A suburban enclave of Baton Rouge, Louisiana, has won the right to split off and form its own city. 

The Louisiana Supreme Court granted approval to establish the city of St. George, realizing the hopes of locals frustrated with crime and bad schooling in Baton Rouge.

The movement began years ago with plans to start a new school district, and eventually expanded into a full-blown campaign for independence.

Supreme Court approves new city

The new city, situated in southeast Baton Rouge, will have a population of roughly 100,000.

St. George's advocates fought a long battle. An initial proposal to create the city failed to reach the ballot in 2015 but was successful when finally put to a vote in 2019.

What followed was a racially polarizing legal battle. Baton Rouge's mayor complained that the new city would drain $48 million in tax revenue from the predominantly black city.

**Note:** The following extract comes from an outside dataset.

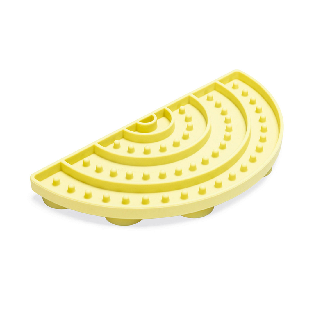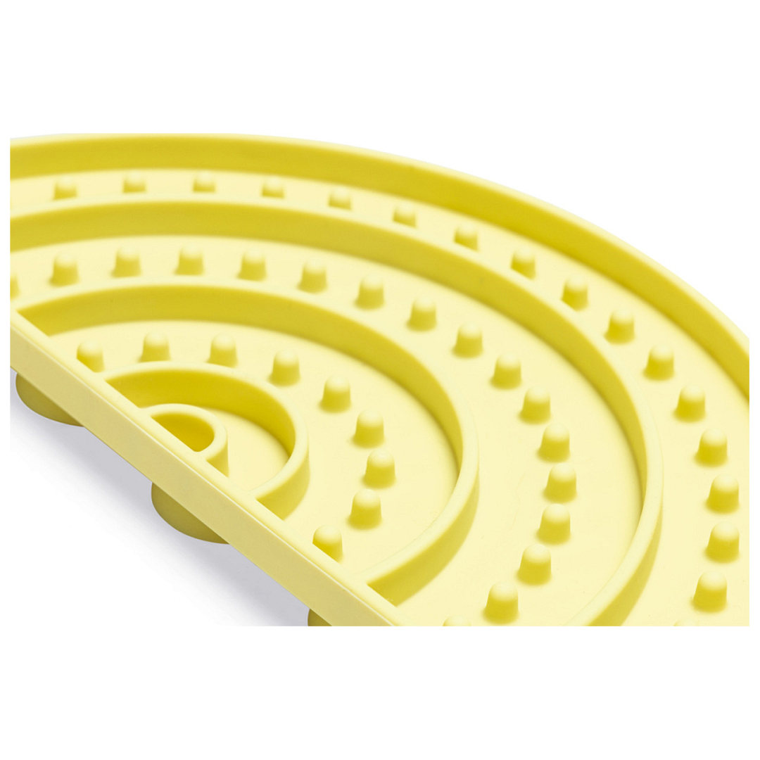 Maak eten leuk met Beeztees Puppy Likmat Regenboog Sem. Deze siliconen likmat in de vorm van een regenboog brengt plezier en smaak samen op een manier waar jouw puppy dol op zal zijn. Je kunt zijn of haar favoriete puppyvoeding op de mat smeren. Door het patroon van de, zal het eten in de uitsparingen gaan zitten, waardoor het voor jouw puppy een uitdaging wordt om zijn diner te nuttigen. De mat kan bovendien gebruikt worden om jouw pup aan te leren niet te schrokken.

But the state's Supreme Court narrowly rejected the mayor's economic projections Friday in a 4-3 ruling. Baton Rouge Mayor Sharon Weston Broome said she is focused on healing tensions after the Supreme Court's ruling.

“My goal from the very beginning — and it will always be my goal — is to advocate for a united Baton Rouge,” she said. “I am committed to serving the residents of St. George.”

Continued divisions

Nevertheless, divisions linger. The NAACP said the incorporation of St. George would create "considerable uncertainty around funding allocation for our schools, jeopardizing the cornerstone of our community’s future: education.”

“The St. George plan poses significant risks to our education system, threatens the continuity of critical programs, and challenges community representation,” the local chapter of the civil rights organization said.

Despite the criticism, the future residents of St. George say they have a right to self-determination. Their first priority is improving education with a new school district.

“This is the culmination of citizens exercising their constitutional rights. We voted and we won,” Andrew Murrell, one of the leaders of the St. George campaign, said.

“Now we begin the process of delivering on our promises of a better city,” Murrell added. "We welcome both our friends and foes to the table to create St. George.”

Louisiana's Republican governor Jeff Landry will appoint the city's interim mayor until elections are held.